While all of this English talking was going on, the kids were changing out of their swim suits and back into their school uniforms. This was kind of interesting. The kids all have these towel cape things. They have one long side with elastic and the ends button together. This allows them to be worn around the neck like a long cape or down at the waste as a sort of skirt thing. They are convenient because you don’t have to hold them up. What I didn’t realize was that they are also apparently mini changing rooms. The kids all had them up at their necks and were trying to remove their suits underneath. Most got through that step okay, but the whole getting close back on part proved to be more difficult.

There are three girls and two boys in this first grade class. They were all chilling in the same room while changing. One of the boys flashed the entire classroom several times before putting his underwear on.
And one of the girls was parading around in her under shirt and underwear while putting her uniform shirt on inside out. Now these kids are still really little, so it’s all innocent. My little girls especially tend to lack modesty when it comes to their skirts. They often dance around or sit in ways that allow everyone to see their underwear. And the teachers do their best to point this out so that the kids will be more conscious of it. But once I realized that the kids were changing in the classroom I was struck with the fact that I don’t think you’d ever see boys and girls changing together in an open classroom in America. I wasn’t even in the room, I was in the hall. The doors and one of the big windows into the hall were open. Privacy wasn’t really a concern it seemed. And none of them minded that several teachers were watching them.

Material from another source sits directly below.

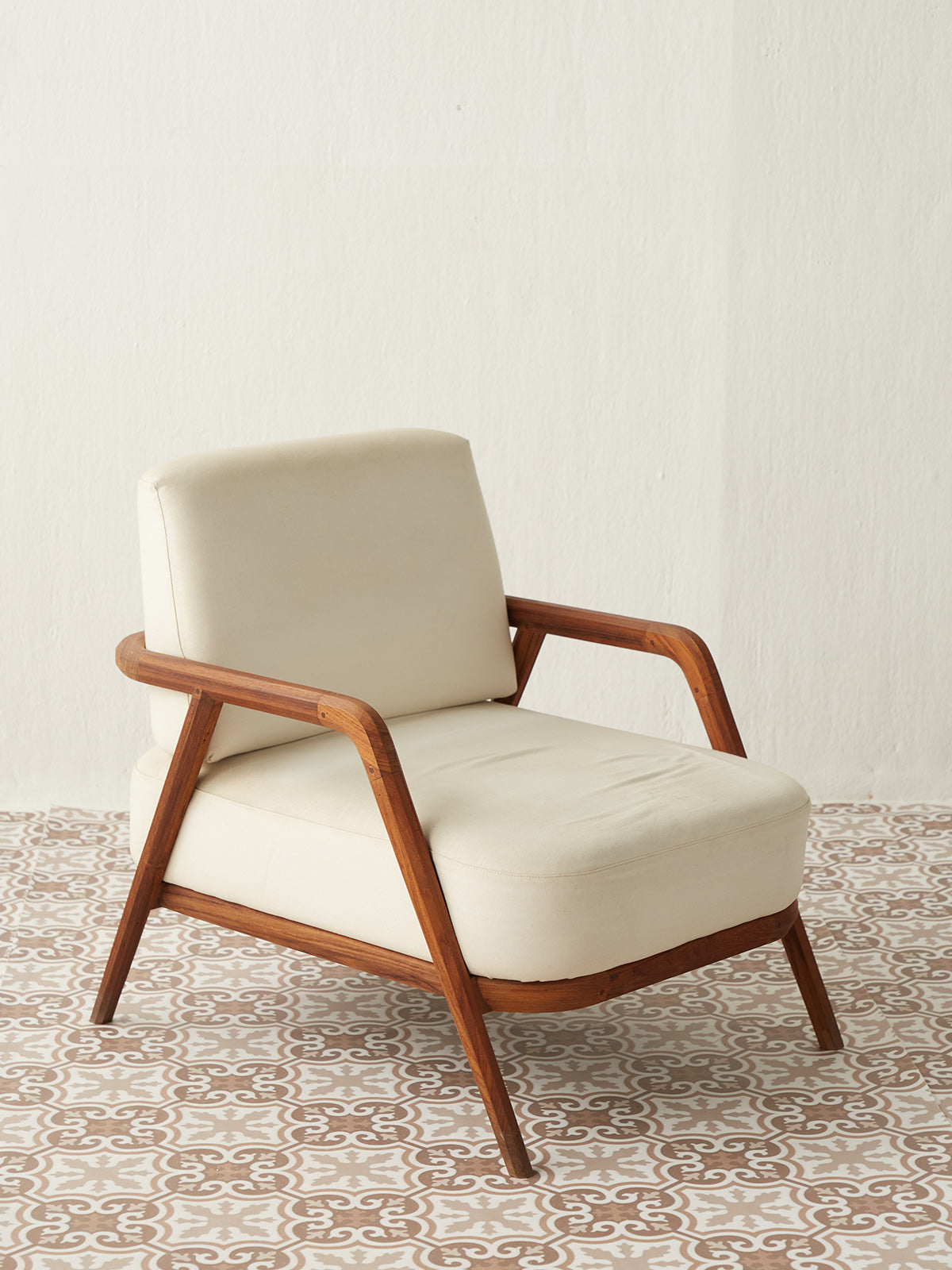 The material mix in this collection has leather, brass, cast aluminium, burnt wood, oiled teak wood, canvas and other elements.

Now when they get older, I know the boys and girls change in different rooms. Once my 5th and 6th graders were caught in an awkward situation because I was still in the science room (where we held English class) talking to the teacher and that was where they were supposed to change. So they all huddled behind one of the sinks and got on with changing. Once I realized what was going on, I left the room so that they could have an easier time of it. But they seemed more amused by the situation than embarrassed or anything. In junior high at one school the boys and girls have their own separate changing rooms for when they change into gym clothes. At the other junior high the girls have a changing room but the boys just use the classroom. This works because they often simply have their gym clothes on under their uniforms, especially in winter when its cold and layers are required. But once they hit junior high they seem to lose shyness and will strip down to their boxers to change if I’m in the room or not. Again, that’s not something I picture most America junior high boys being comfortable with.

Wednesday, July 14, 2010

A Day in the Life

So it occurs to me that some people might like a closer look at how my typical day goes at school. So here is a basic outline of my day today, which was pretty good. Apologies ahead of times for the length of this entry. I’m sure I included way too many details that are interesting only to me. If you don't want to read it all, at least skip down to the part about the first and second grade class which was awesome!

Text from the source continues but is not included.